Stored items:
»»

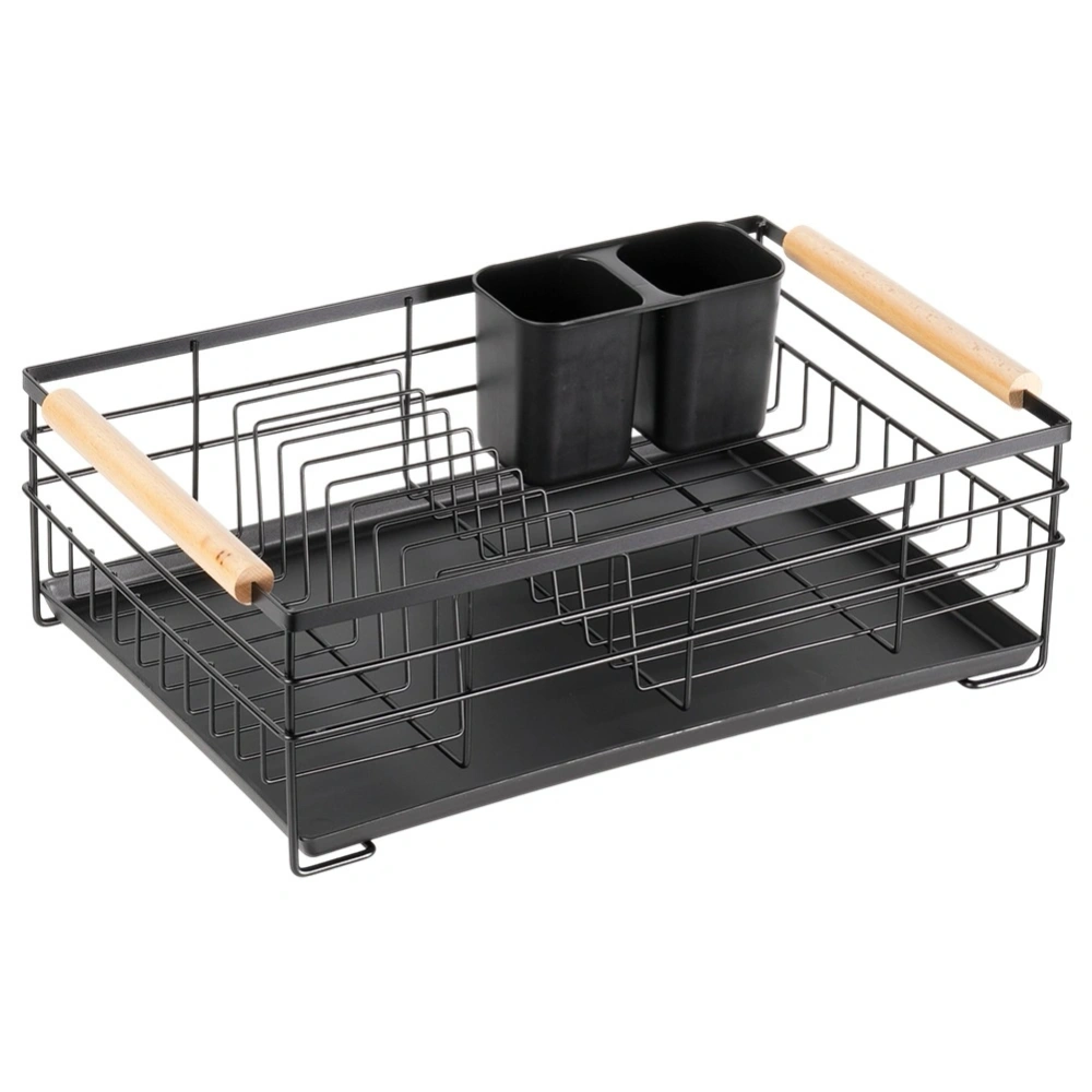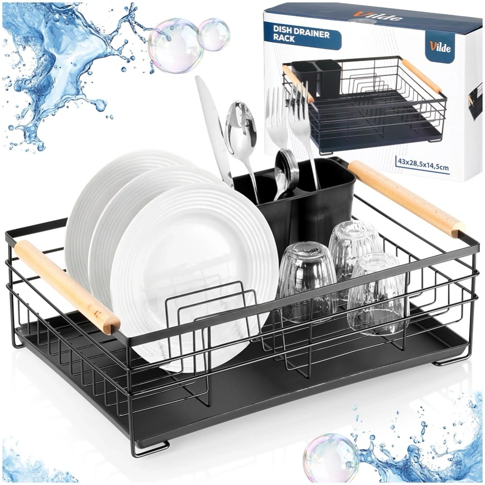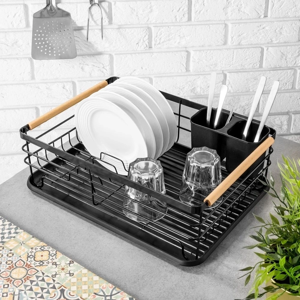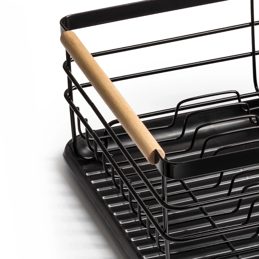 - Elegancka suszarka do naczyń w kolorze czarnym z bambusowymi uchwytami. Posiada miejsce na talerze, szklanki oraz ociekacz sztućce. Wyposażona w tacę ociekową.
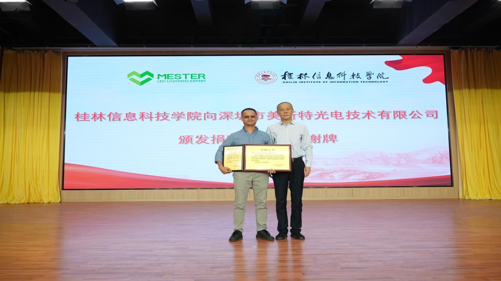 仪式上,梁丁丁向郑树琼颁发捐赠证书及感谢牌。随后,梁丁丁与郑树琼共同签订桂林信科•美斯特光电现代产业学院合作协议。在与会领导嘉宾和师生代表的共同见证下,梁丁丁和郑树琼共同为桂林信科•美斯特光电现代产业学院揭牌。
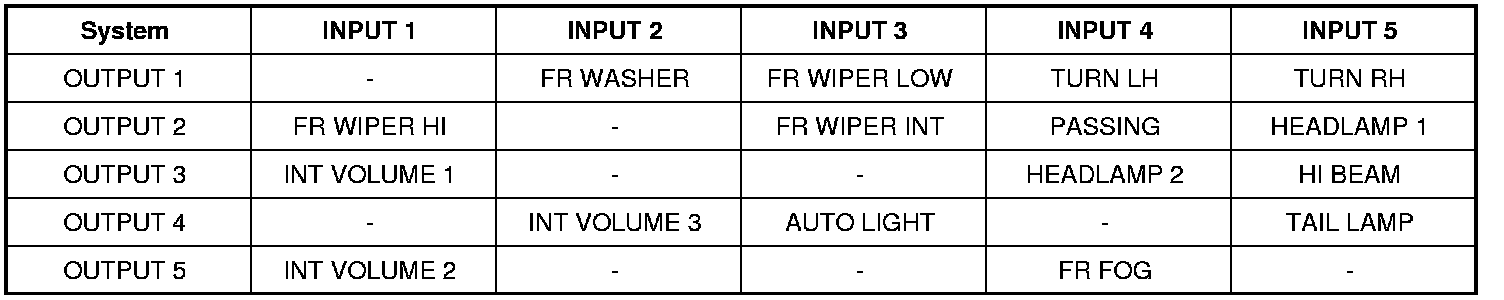 - The circuits between OUTPUT 1 and INPUT 5 and between OUTPUT 4 and INPUT 5 are formed when the TURN RH switch and TAIL LAMP switch are turned ON.
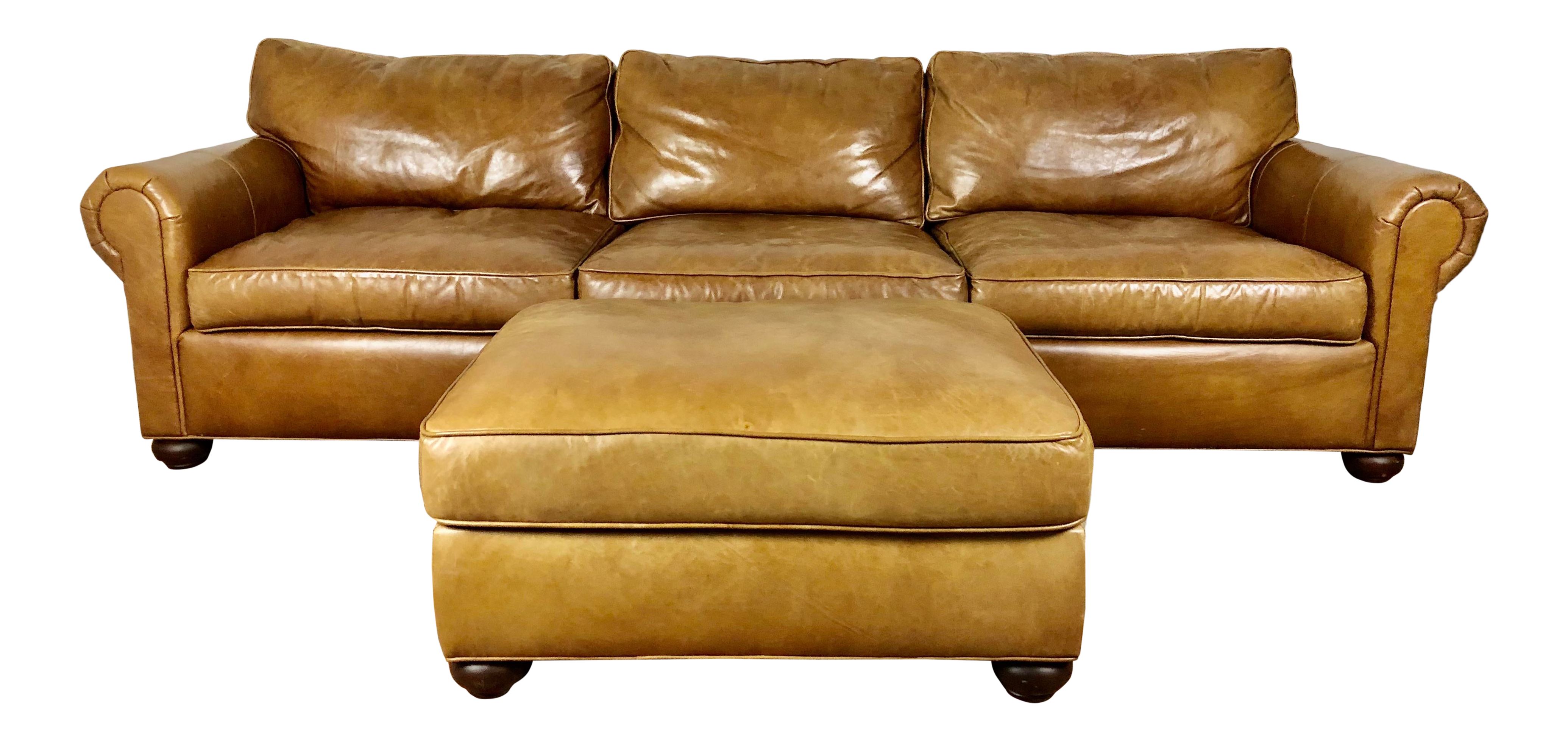 Restoration Hardware Lancaster Leather Sofa And Ottoman A Pair
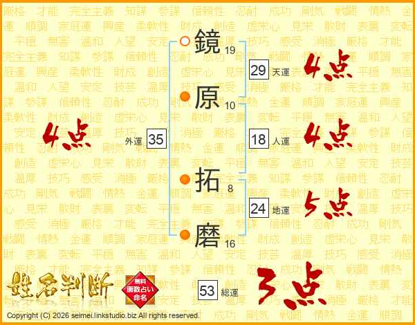 鏡原拓磨さんの総運は53画の3点!
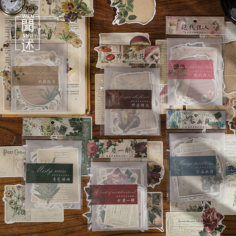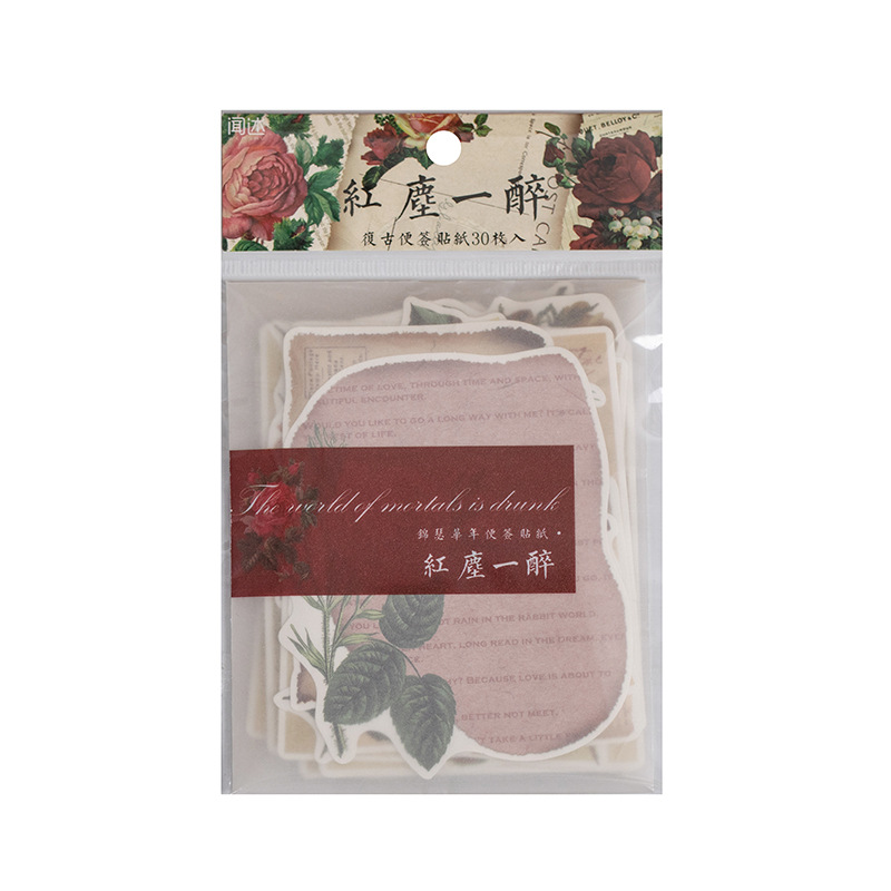 Sticker Package Jinse Hua Nian Series Retro Artistic Notebook Flower Material Stickers 30 Pieces
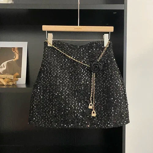 Seasonal High Waist A-line Floral Chain Lace-Up Skirts/Skirts with Shorts/Stretched Above Knee.
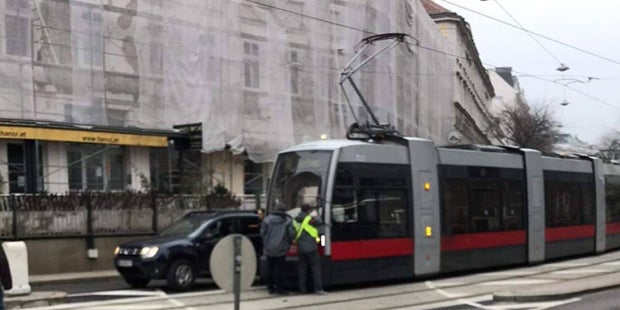 Die Bilder zeigen das Auto auf der Seite eingebeult. Auf der viel-befahrenen Straße, zwischen Westbahnhof und der Schlossalle bis hin zum Gürtel kam es zu Fahrtbehinderungen und einen Zeitverlust von ein paar Minuten.

««

*Your assignment:*
A faithful copy of the records above, without images, is what to give back.

*Solution to this exercise:*
 - Elegancka suszarka do naczyń w kolorze czarnym z bambusowymi uchwytami. Posiada miejsce na talerze, szklanki oraz ociekacz sztućce. Wyposażona w tacę ociekową.
 仪式上,梁丁丁向郑树琼颁发捐赠证书及感谢牌。随后,梁丁丁与郑树琼共同签订桂林信科•美斯特光电现代产业学院合作协议。在与会领导嘉宾和师生代表的共同见证下,梁丁丁和郑树琼共同为桂林信科•美斯特光电现代产业学院揭牌。
 - The circuits between OUTPUT 1 and INPUT 5 and between OUTPUT 4 and INPUT 5 are formed when the TURN RH switch and TAIL LAMP switch are turned ON.
 Restoration Hardware Lancaster Leather Sofa And Ottoman A Pair
 鏡原拓磨さんの総運は53画の3点!
 Sticker Package Jinse Hua Nian Series Retro Artistic Notebook Flower Material Stickers 30 Pieces
 Seasonal High Waist A-line Floral Chain Lace-Up Skirts/Skirts with Shorts/Stretched Above Knee.
 Die Bilder zeigen das Auto auf der Seite eingebeult. Auf der viel-befahrenen Straße, zwischen Westbahnhof und der Schlossalle bis hin zum Gürtel kam es zu Fahrtbehinderungen und einen Zeitverlust von ein paar Minuten.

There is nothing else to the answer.